Thank you so very much Gurus of Soap!  


C (and all the other beginners who will benefit from your knowledge!)


----------



## earlene (Mar 22, 2019)

That's a good question about at what percentage before the acceleration kicks in.  I am not going to be able to answer this definitively for each oil or any for that matter, but from my own experience, I can attest to the fact that at 50% pomace olive when mixed with regular olive oil accelerates fast enough that I don't even use a stick blender to reach trace in only about 3-5 minutes of hand stirring.


----------



## Clarice (Mar 22, 2019)

@earlene may I ask why you use half half pomace and regular?  (and wow  )


----------



## lsg (Mar 22, 2019)

Here is a way to sort oils by their fatty acids and sap rate:  http://soapcalc.net/calc/oillist.asp


----------



## Clarice (Mar 22, 2019)

Thank you @lsg , and am I understanding correctly that on a comparative basis:

oils with higher levels of the unsaturated fatty acids (oleic, linoleic, linolenic and ricinoleic) will trace faster than those with saturated fatty acids and / or lower levels of unsaturated?

Penny dropping slowly


----------



## earlene (Mar 22, 2019)

Clarice said:


> @earlene may I ask why you use half half pomace and regular?  (and wow  )
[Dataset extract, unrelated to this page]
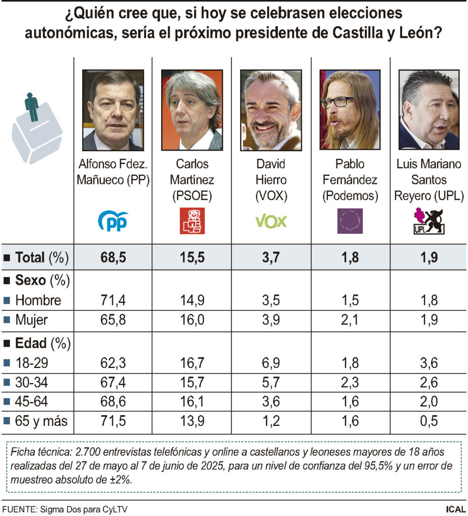 Por otra parte, el 68,5 por ciento de los encuestados considera que el actual presidente del PP y de la Junta de Castilla y León, Alfonso Fernández Mañueco, repetirá en el cargo tras unas nuevas elecciones autonómicas. La percepción es mayoritaria por perfiles de edad y sexo y también en lo referido al recuerdo de voto. Así lo estiman el 89,1 por ciento del electorado del PP y el 70 por ciento de los votantes de Vox. Esta impresión supera el 59 por ciento, también entre el electorado del PSOE (59,3 por ciento) y de Podemos (59,2 por ciento).

I was making Castile soap and used half and half to speed up trace.


----------



## dixiedragon (Mar 22, 2019)

Clarice said:


> Thank you @lsg , and am I understanding correctly that on a comparative basis:
> 
> oils with higher levels of the unsaturated fatty acids (oleic, linoleic, linolenic and ricinoleic) will trace faster than those with saturated fatty acids and / or lower levels of unsaturated?
> 
> Penny dropping slowly



The opposite, I think. Oils with higher levels of palmitic, stearic and myristic acid. The hardness number at the end of the calculator can be a good indicator of this. 

For example:
Lard 
*(pork fat)*
Oleic 44-46%
Palmitic 26-28%
Stearic 13-14%
Linoleic 6-10%
Myristic 1-2%

VS 

Beef tallow
Oleic 37-43%
Palmitic 24-32%
Stearic 19-25%
Myristic 3-6%
Linoleic 2-3%

Lard makes a slower-tracing but ultimately hard bar, vs tallow (or palm) which tend to trace face and make a hard (perhaps harder than lard) bar.


----------



## earlene (Mar 22, 2019)

Olive oil is very high in oleic acid and takes forever to trace if not pomace OO.  So, no, I would not expect high Oleic oils to trace fast at all.  
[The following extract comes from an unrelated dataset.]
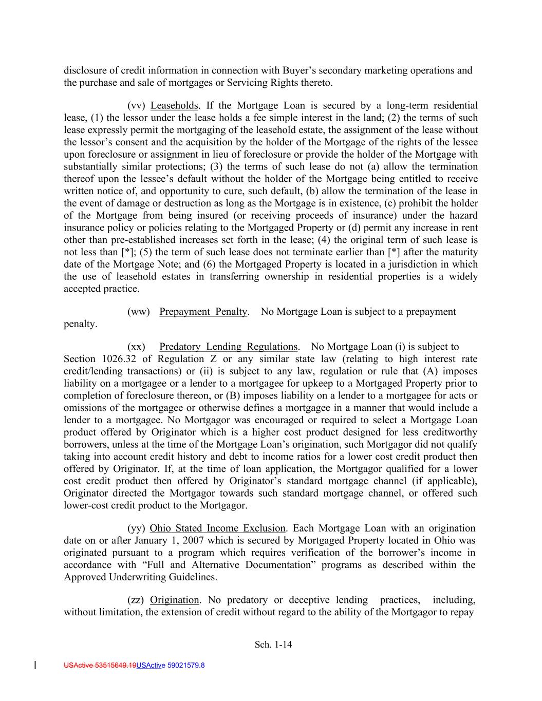 Sch. 1-14 USActive 53515649.19USActive 59021579.8 disclosure of credit information in connection with Buyer’s secondary marketing operations and the purchase and sale of mortgages or Servicing Rights thereto. (vv) Leaseholds. If the Mortgage Loan is secured by a long-term residential lease, (1) the lessor under the lease holds a fee simple interest in the land; (2) the terms of such lease expressly permit the mortgaging of the leasehold estate, the assignment of the lease without the lessor’s consent and the acquisition by the holder of the Mortgage of the rights of the lessee upon foreclosure or assignment in lieu of foreclosure or provide the holder of the Mortgage with substantially similar protections; (3) the terms of such lease do not (a) allow the termination thereof upon the lessee’s default without the holder of the Mortgage being entitled to receive written notice of, and opportunity to cure, such default, (b) allow the termination of the lease in the event of damage or destruction as long as the Mortgage is in existence, (c) prohibit the holder of the Mortgage from being insured (or receiving proceeds of insurance) under the hazard insurance policy or policies relating to the Mortgaged Property or (d) permit any increase in rent other than pre-established increases set forth in the lease; (4) the original term of such lease is not less than [*]; (5) the term of such lease does not terminate earlier than [*] after the maturity date of the Mortgage Note; and (6) the Mortgaged Property is located in a jurisdiction in which the use of leasehold estates in transferring ownership in residential properties is a widely accepted practice. (ww) Prepayment Penalty. No Mortgage Loan is subject to a prepayment penalty. (xx) Predatory Lending Regulations. No Mortgage Loan (i) is subject to Section 1026.32 of Regulation Z or any similar state law (relating to high interest rate credit/lending transactions) or (ii) is subject to any law, regulation or rule that (A) imposes liability on a mortgagee or a lender to a mortgagee for upkeep to a Mortgaged Property prior to completion of foreclosure thereon, or (B) imposes liability on a lender to a mortgagee for acts or omissions of the mortgagee or otherwise defines a mortgagee in a manner that would include a lender to a mortgagee. No Mortgagor was encouraged or required to select a Mortgage Loan product offered by Originator which is a higher cost product designed for less creditworthy borrowers, unless at the time of the Mortgage Loan’s origination, such Mortgagor did not qualify taking into account credit history and debt to income ratios for a lower cost credit product then offered by Originator. If, at the time of loan application, the Mortgagor qualified for a lower cost credit product then offered by Originator’s standard mortgage channel (if applicable), Originator directed the Mortgagor towards such standard mortgage channel, or offered such lower-cost credit product to the Mortgagor. (yy) Ohio Stated Income Exclusion. Each Mortgage Loan with an origination date on or after January 1, 2007 which is secured by Mortgaged Property located in Ohio was originated pursuant to a program which requires verification of the borrower’s income in accordance with “Full and Alternative Documentation” programs as described within the Approved Underwriting Guidelines. (zz) Origination. No predatory or deceptive lending practices, including, without limitation, the extension of credit without regard to the ability of the Mortgagor to repay

An experiment you could try:  

Make a small batch of 100% single oil soap using a high Oleic oil, such as olive oil (non-pomace OO) or canola oil.  Hand stir only, and record how long it takes to trace.  Make the same recipe using a stick blender and record the time to trace.

Then make a single oil soap using a known fast-tracing oil (such as castor or coconut) and do it the same way; hand stir only for one batch and then use a SB for another batch, recording time to trace in each situation.


----------



## Lakee (Mar 22, 2019)

lsg said:


> Here is a way to sort oils by their fatty acids and sap rate:  http://soapcalc.net/calc/oillist.asp


Thanks so much for that link. Very helpful.


----------



## SaltedFig (Mar 22, 2019)

*Triglyceride*
The oils and fats that we make soap from are often in the form of triglycerides.
A triglyceride is 3 fatty acids attached to a glycerol backbone.

*Saponification*
Saponification of triglycerides occurs in two steps.
The first step is to break the fatty acid from the glycerol backbone, and
The second step is where the soap is formed (and becomes sodium soap, if we have used NaOH).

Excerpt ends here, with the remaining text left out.